[[ RAW DATA, beginning ]]
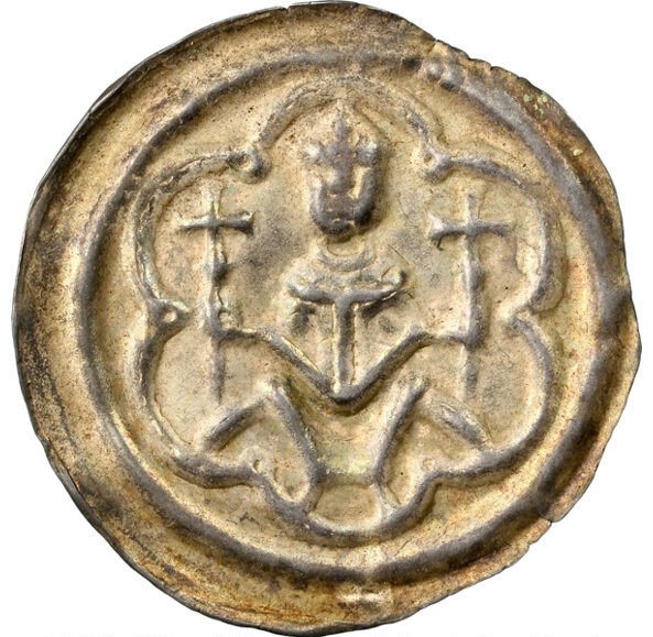 The Magdeburg bracteate from the episcopate of Burchardt von Wohldenberg (1232–1235) is a medieval silver coin representing the Archbishopric of Magdeburg, one of the most influential ecclesiastical territories in the Holy Roman Empire. Minted during a short episcopal reign, it exemplifies the bracteate tradition of the 13th century—thin, single-sided coins struck in fine silver, characterized by high-relief designs and incuse reverses.
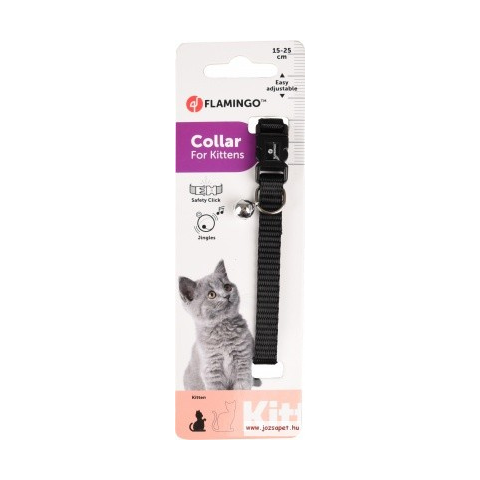 FGO Macska nyakörv fekete 15-22cm Állítható méretű nyakörv cicák számára. Könnyen kezelhető, biztonságos csattal.
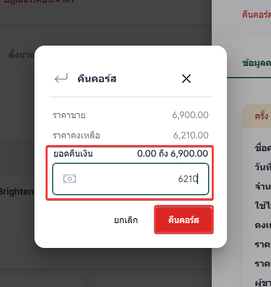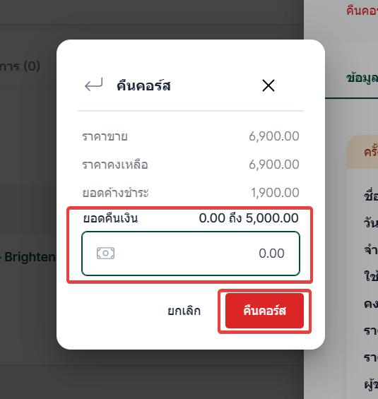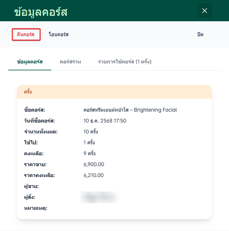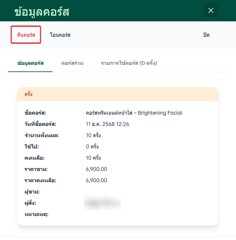 เมื่อระบุยอดเงินที่จะคืนเรียบร้อยแล้ว ให้กดปุ่ม “คืนคอร์ส” ระบบจะบันทึกการคืนคอร์สและอัปเดตสถานะของคอร์สและยอดเงิน
[[ RAW DATA, end ]]
_EXERCISE BRIEF:_
Begin at the line that contains "FGO Macska nyakörv" and transcribe every line through the end of the listing, exactly as written. Omit the pictures.

_EXPECTED ANSWER:_
 FGO Macska nyakörv fekete 15-22cm Állítható méretű nyakörv cicák számára. Könnyen kezelhető, biztonságos csattal.
 เมื่อระบุยอดเงินที่จะคืนเรียบร้อยแล้ว ให้กดปุ่ม “คืนคอร์ส” ระบบจะบันทึกการคืนคอร์สและอัปเดตสถานะของคอร์สและยอดเงิน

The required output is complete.